__About this task__.
Every record needs to be repeated exactly; its pictures do not.

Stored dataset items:

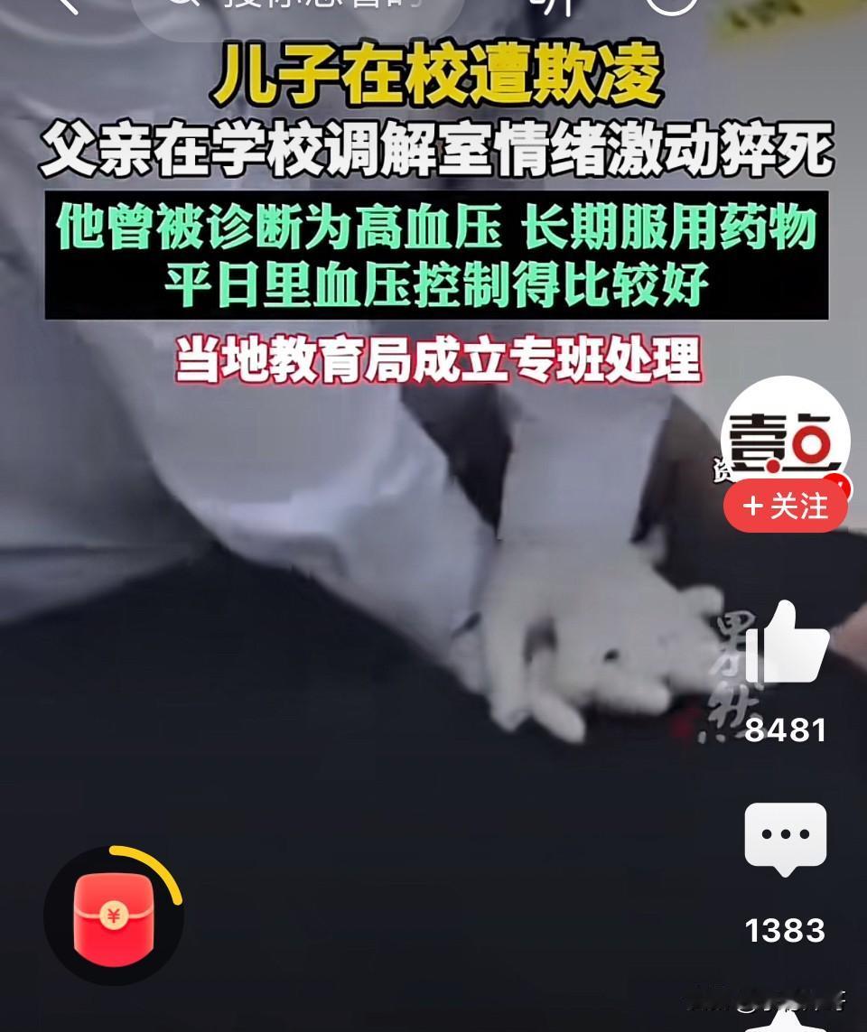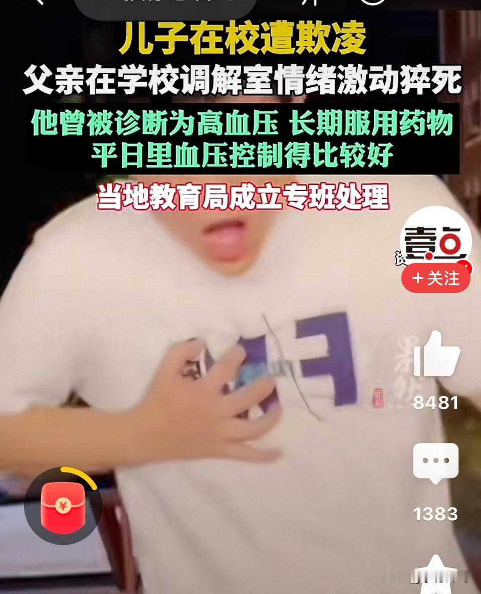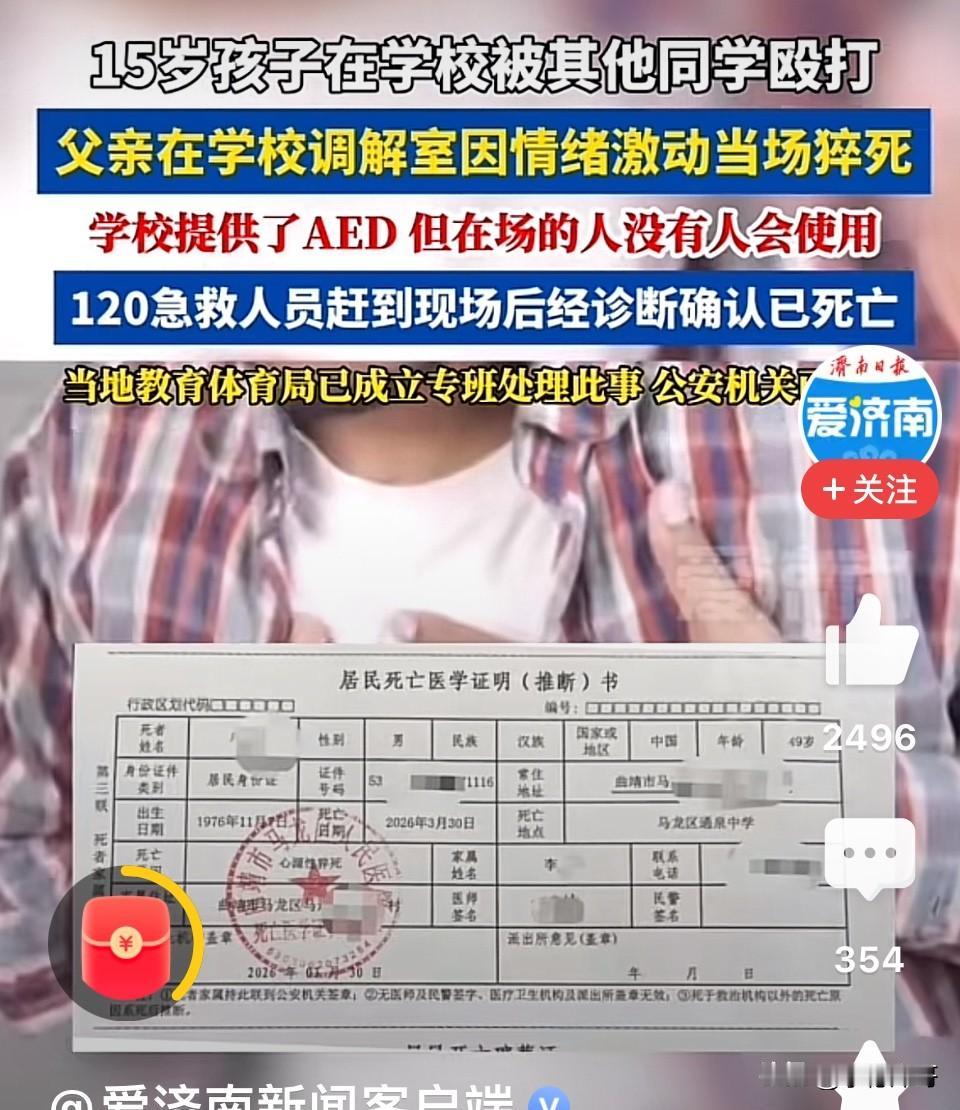 “太悲剧了!”云南曲靖,女子称丈夫得知儿子被欺凌,情绪激动猝死在校调解室!女子:“他患有高血压,长期服用药物”平日里血压控制得比较好,就是受不了孩子被霸凌……”网友:被霸凌还没了爸爸,这孩子可怎么办呀! 据学生母亲李女士反映她的49岁丈夫接到孩子班主任老师的电话,称孩子在学校被其他同学殴打,需要家长到学校调解,到学校后,丈夫得知了孩子被其他学生欺凌的经过,在学校调解室因情绪激动当场猝死,目前丈夫还未安葬。 原来,当天接到老师电话后,下午5时许,她和丈夫进入通泉中学。 进校后我们得知15岁儿子从这个学期一开始就被其他同学索要零食,之后被索要钱财,3月30日下午被同学殴打。 孩子爸爸知道孩子被欺凌的经过后情绪很激动。随后与孩子、、妻子班主任和另一方学生家长进入调解室由班主任进行调解。没想到进入调解室,不到6分钟后就发生意外。 当地教育部门回应称已经成立专班处理此事,关于家长反映的学生在校被欺凌以及家长在校调解时猝死的情况,当地公安机关已介入调查。 此事发生后引发网友热议,有的网友说,校园霸凌是一个及其普遍和严重的现象,霸凌者不入刑,家长不巨额赔偿,老师不承担责任是解决不了问题的。 也有的说,一旦有校园霸霸,先撤校长再撤教育局长,然后开除涉事学生,保证再没有什么校园凌霸。 还有的说,我哥哥的朋友家娃儿上初中,前段时间被学校七个同学霸凌,他妈很厉害,拿着大喇叭,学校教育局派出所到处闹,然后让孩子住院不准出院,霸凌学生家长都给她跪下,怕她不松口孩子在留下案底,最后结果是一个孩子赔了2万,总共赔了十四万,这事儿结束了。 一个家庭,因为一次校园冲突,彻底垮了霸凌的拳头只打了一下,但倒下的,是一个家庭的顶梁柱。 这件事里,打人的学生有错,对方家长有责,学校的调解机制有问题。 但最根本的问题是——我们从来没有真正把校园霸凌当回事。 “闹着玩”“小孩子不懂事”“道个歉就完了”……这些话,是不是特别耳熟?每一次校园霸凌事件,最后都走向“调解”。调解的本质是什么?是和稀泥。是让受害者“大度一点”,让施暴者“下次注意”。 可这一次,调解室里,一个父亲用命买了单。 写到这里,心里堵得慌。 那个15岁的孩子,以后的人生里,每一次想起爸爸,都会想起那间调解室。他可能会反复问自己:如果当时我忍一忍,不叫爸爸来,是不是爸爸现在还活着? 这个问题,没有答案。 但我们这些旁观者可以有一个答案:别再让家长替校园霸凌背锅了。打人,就报警;霸凌,就处分。别再把父母叫到调解室里,让他们替孩子“受刑”。 因为下一个倒下的,可能是任何一个孩子的爸爸。 --- 愿这位父亲安息。也愿那个15岁的孩子,能撑过这一生。
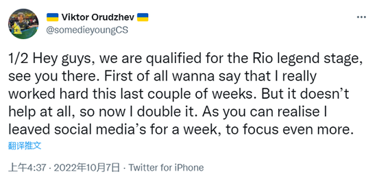 第一条推特是关于工作的:“大家好,我们目前已经成功晋级里约Major传奇组,里约见。首先我想说的是过去几周里我真的有在非常刻苦的训练,但事实上这完全于事无补。所以现在我决定加倍训练。正如你们所看见的,我先前很长时间都没玩推特了,只为了能更专心于比赛。”
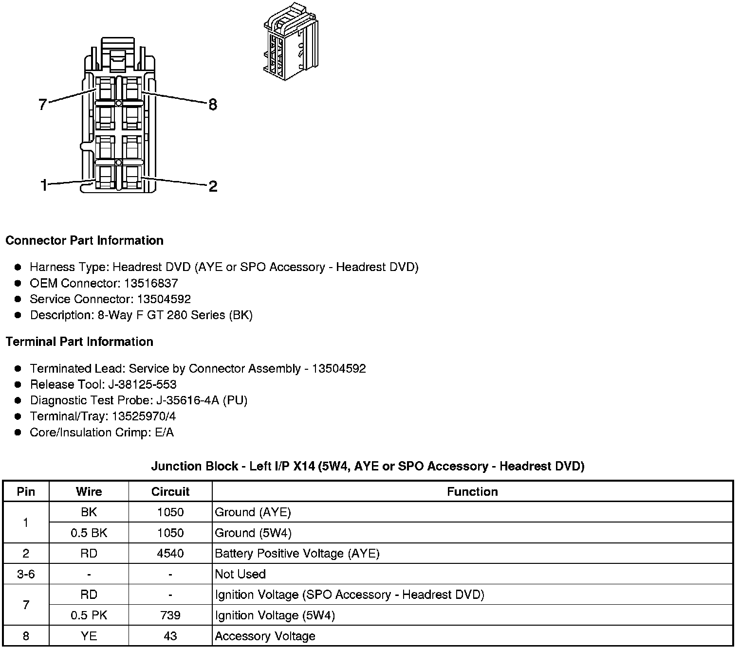 Junction Block - Left I/P X14 (5W4, AYE or SPO Accessory - Headrest DVD)
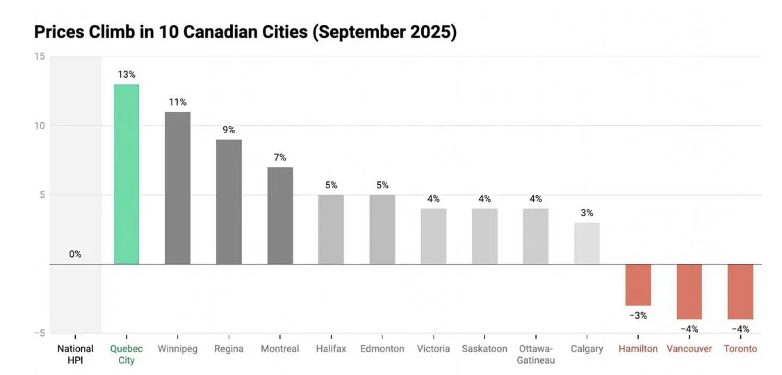 In contrast, once-affordable Quebec City has seen prices climb 13 per cent over the past year, while Winnipeg (+11 per cent), Regina (+9 per cent), and Montreal (+7 per cent) have also posted notable gains, driven in part by population growth and migration.
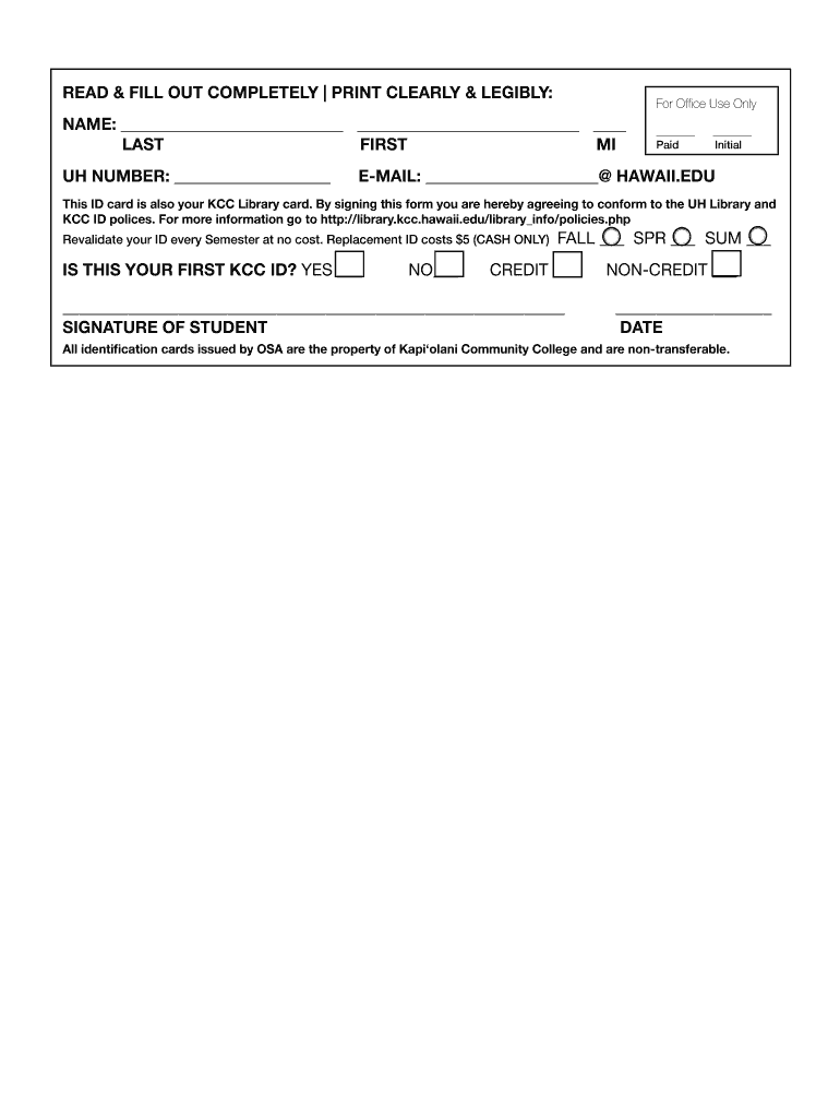 The KCC Student ID Card Application is a school enrollment form used by students at Kapi‘olani Community College to obtain their student ID card, which is also utilized as a library card.
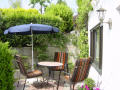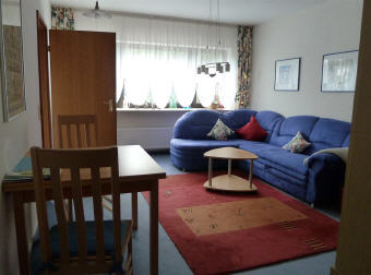 Komfort-Apartment, ca. 38qm, 2 - 3/4 Personen (max. 2 Erw. + 1-2 Kinder), 1-2 Personen bei längerfristiger Anmiete, gute Ausstattung, gr. Wohnbereich mit Schlafcouch, Essecke, abgeteilter Schlafteil (Raumteiler) mit 2 Betten, kl. Küche, Dusche/WC, Diele, eigene Südterrasse m. Gartenmöbeln, eigener Eingang, inkl. Bettzeug und Handtücher (nur bei Kurzzeitmiete bis 2 Wochen).
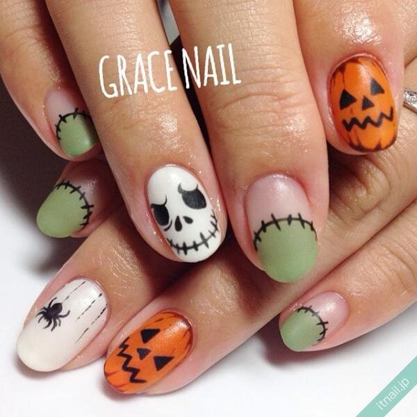 ポップでキュートなハロウィンネイルをお探しなら、こちらのデザインがおすすめです♪
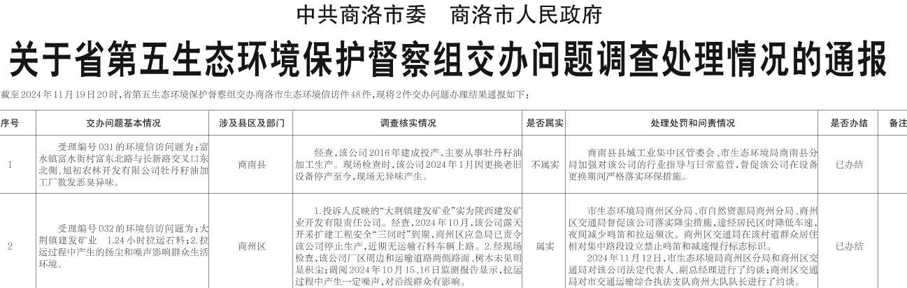 关于省第五生态环境保护督察组交办问题调查处理情况的通报
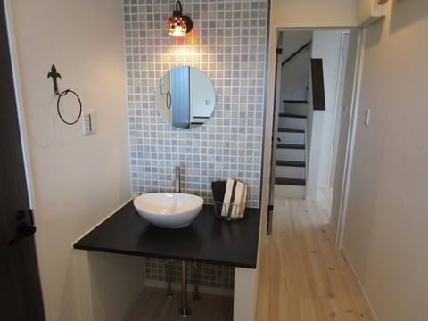 部屋にはなっていませんのでオープンな洗面ですが、
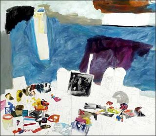 Dans le détail, l’artiste ne mêle jamais son fond et ses formes. Mieux, elle laisse des zones sans peinture, le fond justement qui dans la plupart des cas n’est jamais recouvert et des objets, ici de multiples détritus qui vivent simplement par le trait du dessin préparatoire. Un goût d’inachèvement là aussi qui favorise l’éclat de la peinture et surtout la beauté de l’objet (peint ou non) dans sa défaite ou disons, dans sa lente agonie.
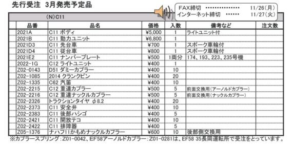 品番 品名 価格 入数 備考 [再] 2021A C11 ボディ 5000円 1 ライトユニット付 [再] 2021B C11 動力ユニット 6800円 1 [再] 2021D3 C11 先台車 700円 1 スポーク車輪付 [再] 2021D4 C11 従台車 800円 1 スポーク車輪付 [再] 2021E2 C11 ナンバープレート 500円 1両分174、193、223、235号機 [再] 2022-1G C12 ライトユニット 400円 1 [再] Z02-0143 D51 ダミーカラプラー 400円 10 [再] Z02-1085 2014 クランクピン 400円 20 [再] Z02-1335 C62 汽笛 400円 10 [再] Z02-2215 C12 重連カプラー 500円 5 前面交換用(アーノルドカプラー) [再] Z02-2216 C12 重連ナックルカプラー 500円 5 前面交換用(ナックルカプラー) [再] Z02-2326 トラクションタイヤ φ8.2 400円 20 [再] Z02-2373 C11 安全弁 400円 10 [再] Z02-2383 C11 後部ハシゴ 400円 5 [再] Z02-2421 C11 開放テコ 400円 10 [再] Z02-2422 C11 排障器 400円 5 [再] Z05-1376 ナハフ11かもめナックルカプラー 600円 10 - クリックでオープン&クローズ
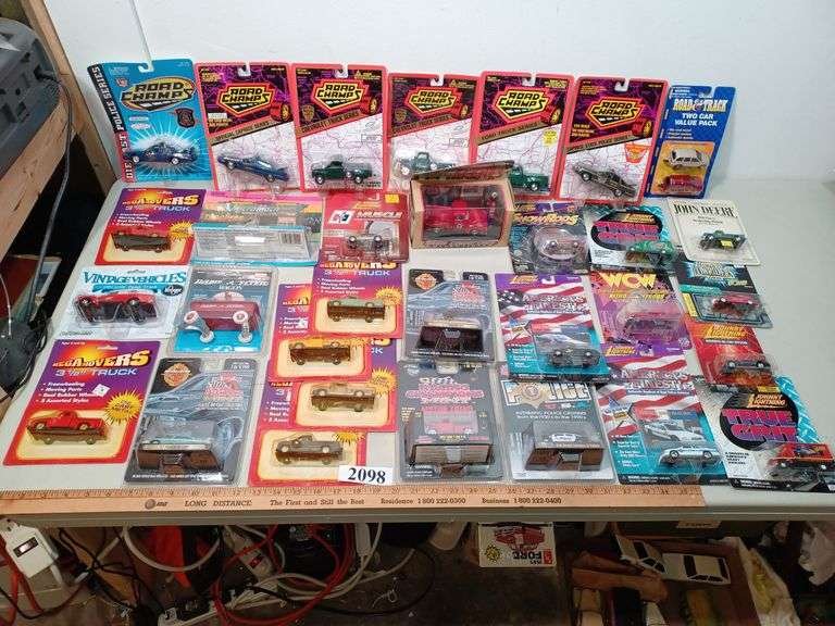 2098 Road Champs, Johnny Lightning, and other cars and trucks in packaging
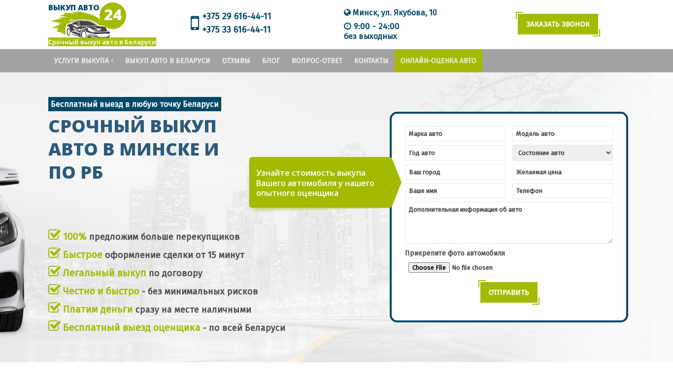 | SEO-описание | ⭐⭐⭐⭐⭐ Срочный выкуп авто в Минске до 96% от рыночной стоимости - 🚗 срочно продать автомобиль в нашем авто выкупе - 🚨 скупка авто по всей Беларуси в компании Выкуп авто 24 - ⭐🔥⭐ битых, аварийных, проблемных автомобилей |

__Written reply__.
 “太悲剧了!”云南曲靖,女子称丈夫得知儿子被欺凌,情绪激动猝死在校调解室!女子:“他患有高血压,长期服用药物”平日里血压控制得比较好,就是受不了孩子被霸凌……”网友:被霸凌还没了爸爸,这孩子可怎么办呀! 据学生母亲李女士反映她的49岁丈夫接到孩子班主任老师的电话,称孩子在学校被其他同学殴打,需要家长到学校调解,到学校后,丈夫得知了孩子被其他学生欺凌的经过,在学校调解室因情绪激动当场猝死,目前丈夫还未安葬。 原来,当天接到老师电话后,下午5时许,她和丈夫进入通泉中学。 进校后我们得知15岁儿子从这个学期一开始就被其他同学索要零食,之后被索要钱财,3月30日下午被同学殴打。 孩子爸爸知道孩子被欺凌的经过后情绪很激动。随后与孩子、、妻子班主任和另一方学生家长进入调解室由班主任进行调解。没想到进入调解室,不到6分钟后就发生意外。 当地教育部门回应称已经成立专班处理此事,关于家长反映的学生在校被欺凌以及家长在校调解时猝死的情况,当地公安机关已介入调查。 此事发生后引发网友热议,有的网友说,校园霸凌是一个及其普遍和严重的现象,霸凌者不入刑,家长不巨额赔偿,老师不承担责任是解决不了问题的。 也有的说,一旦有校园霸霸,先撤校长再撤教育局长,然后开除涉事学生,保证再没有什么校园凌霸。 还有的说,我哥哥的朋友家娃儿上初中,前段时间被学校七个同学霸凌,他妈很厉害,拿着大喇叭,学校教育局派出所到处闹,然后让孩子住院不准出院,霸凌学生家长都给她跪下,怕她不松口孩子在留下案底,最后结果是一个孩子赔了2万,总共赔了十四万,这事儿结束了。 一个家庭,因为一次校园冲突,彻底垮了霸凌的拳头只打了一下,但倒下的,是一个家庭的顶梁柱。 这件事里,打人的学生有错,对方家长有责,学校的调解机制有问题。 但最根本的问题是——我们从来没有真正把校园霸凌当回事。 “闹着玩”“小孩子不懂事”“道个歉就完了”……这些话,是不是特别耳熟?每一次校园霸凌事件,最后都走向“调解”。调解的本质是什么?是和稀泥。是让受害者“大度一点”,让施暴者“下次注意”。 可这一次,调解室里,一个父亲用命买了单。 写到这里,心里堵得慌。 那个15岁的孩子,以后的人生里,每一次想起爸爸,都会想起那间调解室。他可能会反复问自己:如果当时我忍一忍,不叫爸爸来,是不是爸爸现在还活着? 这个问题,没有答案。 但我们这些旁观者可以有一个答案:别再让家长替校园霸凌背锅了。打人,就报警;霸凌,就处分。别再把父母叫到调解室里,让他们替孩子“受刑”。 因为下一个倒下的,可能是任何一个孩子的爸爸。 --- 愿这位父亲安息。也愿那个15岁的孩子,能撑过这一生。
 第一条推特是关于工作的:“大家好,我们目前已经成功晋级里约Major传奇组,里约见。首先我想说的是过去几周里我真的有在非常刻苦的训练,但事实上这完全于事无补。所以现在我决定加倍训练。正如你们所看见的,我先前很长时间都没玩推特了,只为了能更专心于比赛。”
 Junction Block - Left I/P X14 (5W4, AYE or SPO Accessory - Headrest DVD)
 In contrast, once-affordable Quebec City has seen prices climb 13 per cent over the past year, while Winnipeg (+11 per cent), Regina (+9 per cent), and Montreal (+7 per cent) have also posted notable gains, driven in part by population growth and migration.
 The KCC Student ID Card Application is a school enrollment form used by students at Kapi‘olani Community College to obtain their student ID card, which is also utilized as a library card.
 Komfort-Apartment, ca. 38qm, 2 - 3/4 Personen (max. 2 Erw. + 1-2 Kinder), 1-2 Personen bei längerfristiger Anmiete, gute Ausstattung, gr. Wohnbereich mit Schlafcouch, Essecke, abgeteilter Schlafteil (Raumteiler) mit 2 Betten, kl. Küche, Dusche/WC, Diele, eigene Südterrasse m. Gartenmöbeln, eigener Eingang, inkl. Bettzeug und Handtücher (nur bei Kurzzeitmiete bis 2 Wochen).
 ポップでキュートなハロウィンネイルをお探しなら、こちらのデザインがおすすめです♪
 关于省第五生态环境保护督察组交办问题调查处理情况的通报
 部屋にはなっていませんのでオープンな洗面ですが、
 Dans le détail, l’artiste ne mêle jamais son fond et ses formes. Mieux, elle laisse des zones sans peinture, le fond justement qui dans la plupart des cas n’est jamais recouvert et des objets, ici de multiples détritus qui vivent simplement par le trait du dessin préparatoire. Un goût d’inachèvement là aussi qui favorise l’éclat de la peinture et surtout la beauté de l’objet (peint ou non) dans sa défaite ou disons, dans sa lente agonie.
 品番 品名 価格 入数 備考 [再] 2021A C11 ボディ 5000円 1 ライトユニット付 [再] 2021B C11 動力ユニット 6800円 1 [再] 2021D3 C11 先台車 700円 1 スポーク車輪付 [再] 2021D4 C11 従台車 800円 1 スポーク車輪付 [再] 2021E2 C11 ナンバープレート 500円 1両分174、193、223、235号機 [再] 2022-1G C12 ライトユニット 400円 1 [再] Z02-0143 D51 ダミーカラプラー 400円 10 [再] Z02-1085 2014 クランクピン 400円 20 [再] Z02-1335 C62 汽笛 400円 10 [再] Z02-2215 C12 重連カプラー 500円 5 前面交換用(アーノルドカプラー) [再] Z02-2216 C12 重連ナックルカプラー 500円 5 前面交換用(ナックルカプラー) [再] Z02-2326 トラクションタイヤ φ8.2 400円 20 [再] Z02-2373 C11 安全弁 400円 10 [再] Z02-2383 C11 後部ハシゴ 400円 5 [再] Z02-2421 C11 開放テコ 400円 10 [再] Z02-2422 C11 排障器 400円 5 [再] Z05-1376 ナハフ11かもめナックルカプラー 600円 10 - クリックでオープン&クローズ
 2098 Road Champs, Johnny Lightning, and other cars and trucks in packaging
 | SEO-описание | ⭐⭐⭐⭐⭐ Срочный выкуп авто в Минске до 96% от рыночной стоимости - 🚗 срочно продать автомобиль в нашем авто выкупе - 🚨 скупка авто по всей Беларуси в компании Выкуп авто 24 - ⭐🔥⭐ битых, аварийных, проблемных автомобилей |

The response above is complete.